_Instructions to follow_.
Only the records, exactly as written, belong in the answer; pictures do not.

Entries taken from a collection:
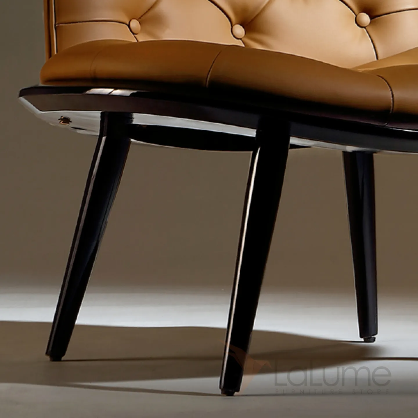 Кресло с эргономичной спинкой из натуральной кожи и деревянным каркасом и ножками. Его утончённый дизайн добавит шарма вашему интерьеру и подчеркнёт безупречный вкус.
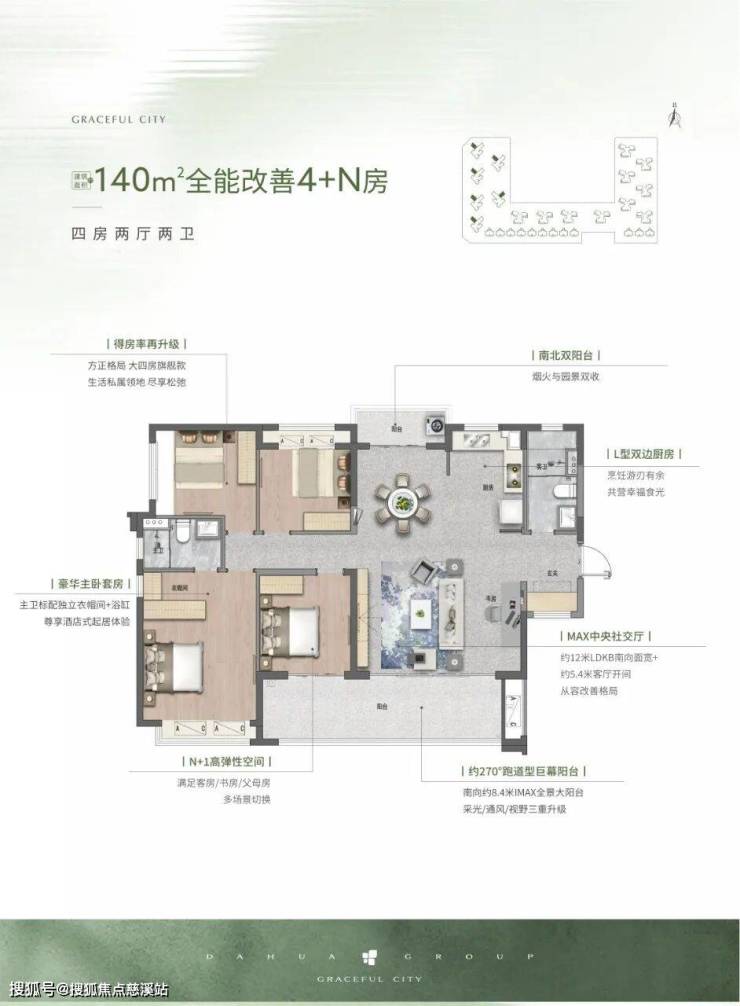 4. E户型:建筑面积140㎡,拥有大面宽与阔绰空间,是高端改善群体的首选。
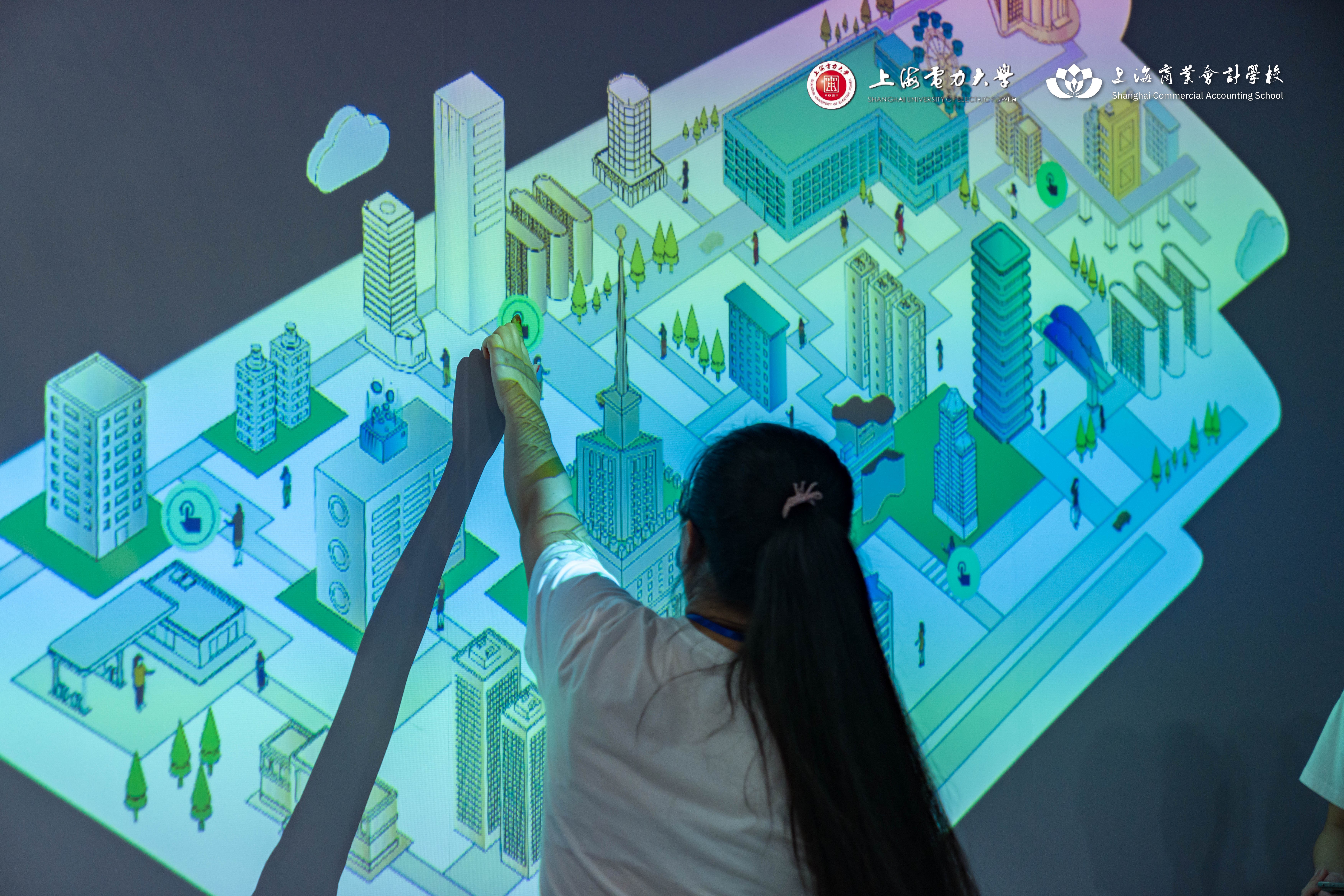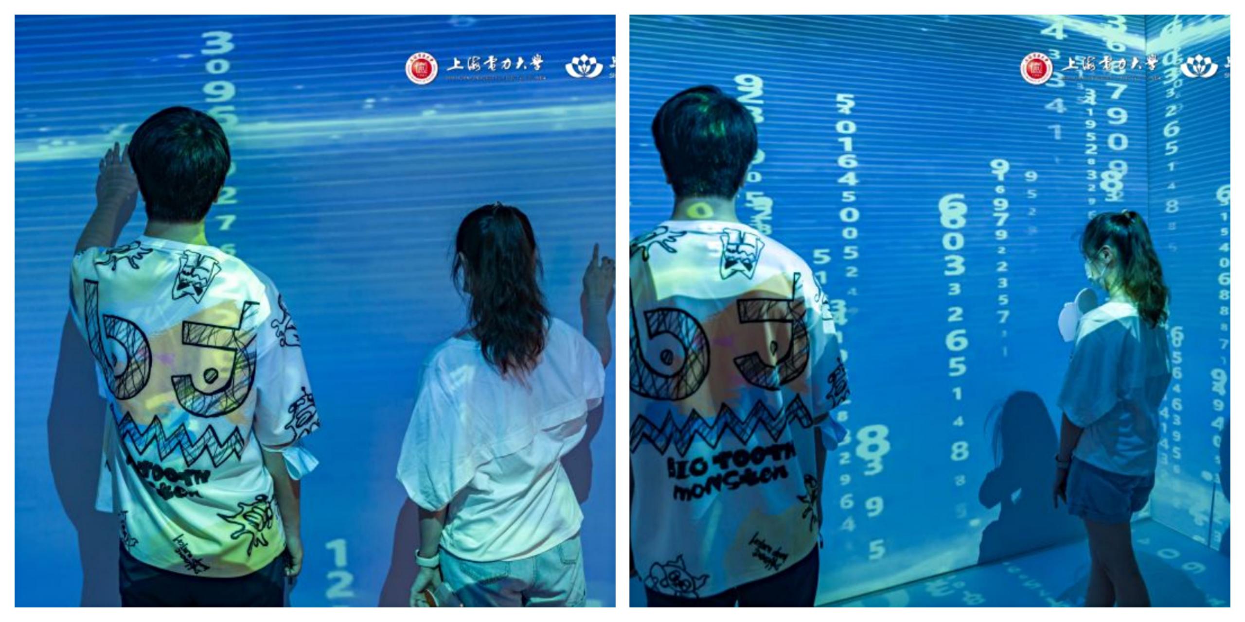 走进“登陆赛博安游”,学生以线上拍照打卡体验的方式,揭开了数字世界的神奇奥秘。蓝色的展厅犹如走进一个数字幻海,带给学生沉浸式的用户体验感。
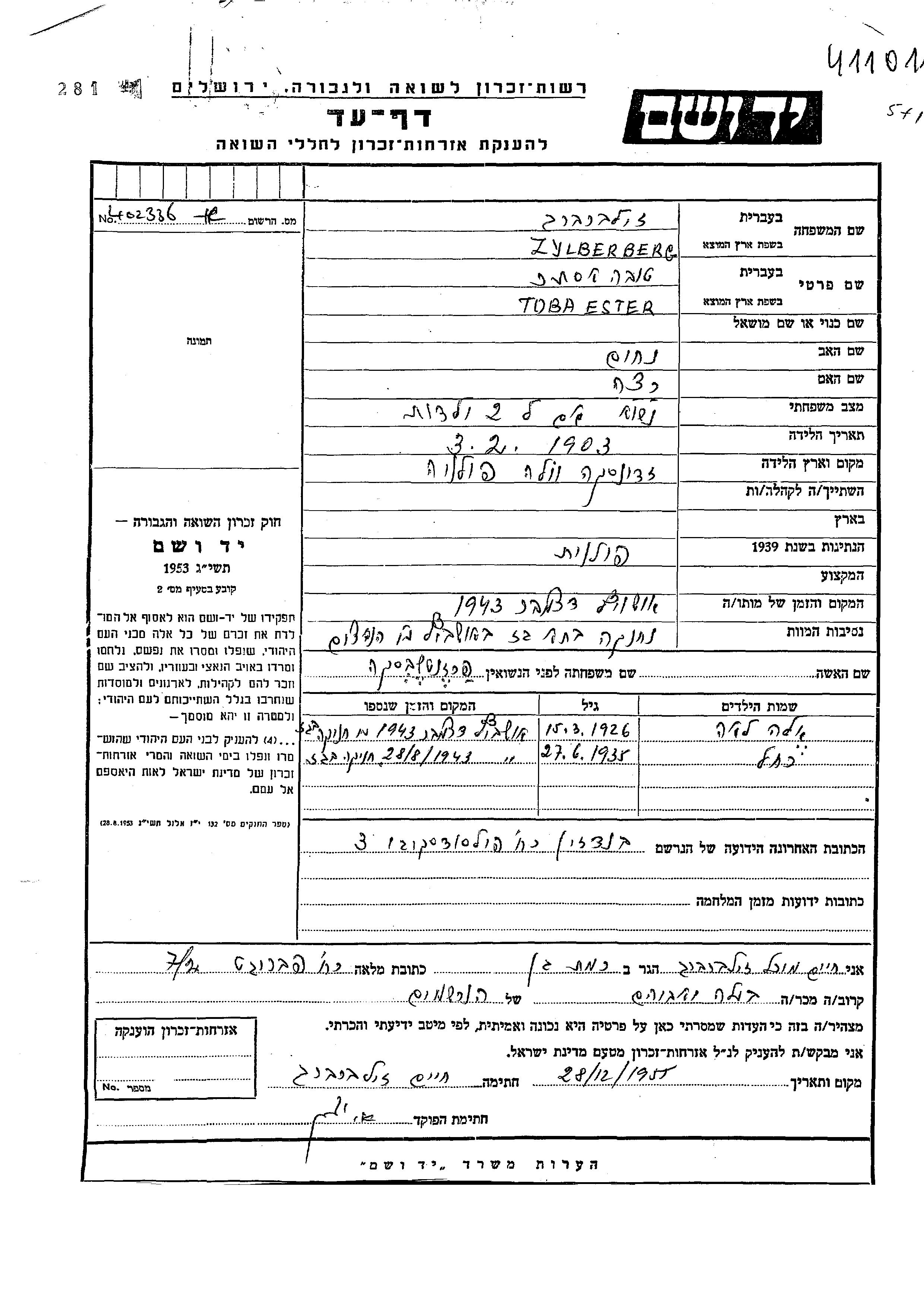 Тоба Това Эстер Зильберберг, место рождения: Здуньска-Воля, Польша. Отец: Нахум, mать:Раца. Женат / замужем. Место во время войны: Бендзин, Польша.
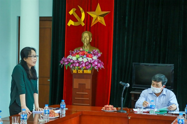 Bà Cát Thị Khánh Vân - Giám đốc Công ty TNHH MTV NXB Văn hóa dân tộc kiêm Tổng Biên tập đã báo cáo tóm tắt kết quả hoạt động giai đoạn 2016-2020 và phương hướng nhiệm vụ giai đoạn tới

_Exercise solution_.
 Кресло с эргономичной спинкой из натуральной кожи и деревянным каркасом и ножками. Его утончённый дизайн добавит шарма вашему интерьеру и подчеркнёт безупречный вкус.
 4. E户型:建筑面积140㎡,拥有大面宽与阔绰空间,是高端改善群体的首选。
 走进“登陆赛博安游”,学生以线上拍照打卡体验的方式,揭开了数字世界的神奇奥秘。蓝色的展厅犹如走进一个数字幻海,带给学生沉浸式的用户体验感。
 Тоба Това Эстер Зильберберг, место рождения: Здуньска-Воля, Польша. Отец: Нахум, mать:Раца. Женат / замужем. Место во время войны: Бендзин, Польша.
 Bà Cát Thị Khánh Vân - Giám đốc Công ty TNHH MTV NXB Văn hóa dân tộc kiêm Tổng Biên tập đã báo cáo tóm tắt kết quả hoạt động giai đoạn 2016-2020 và phương hướng nhiệm vụ giai đoạn tới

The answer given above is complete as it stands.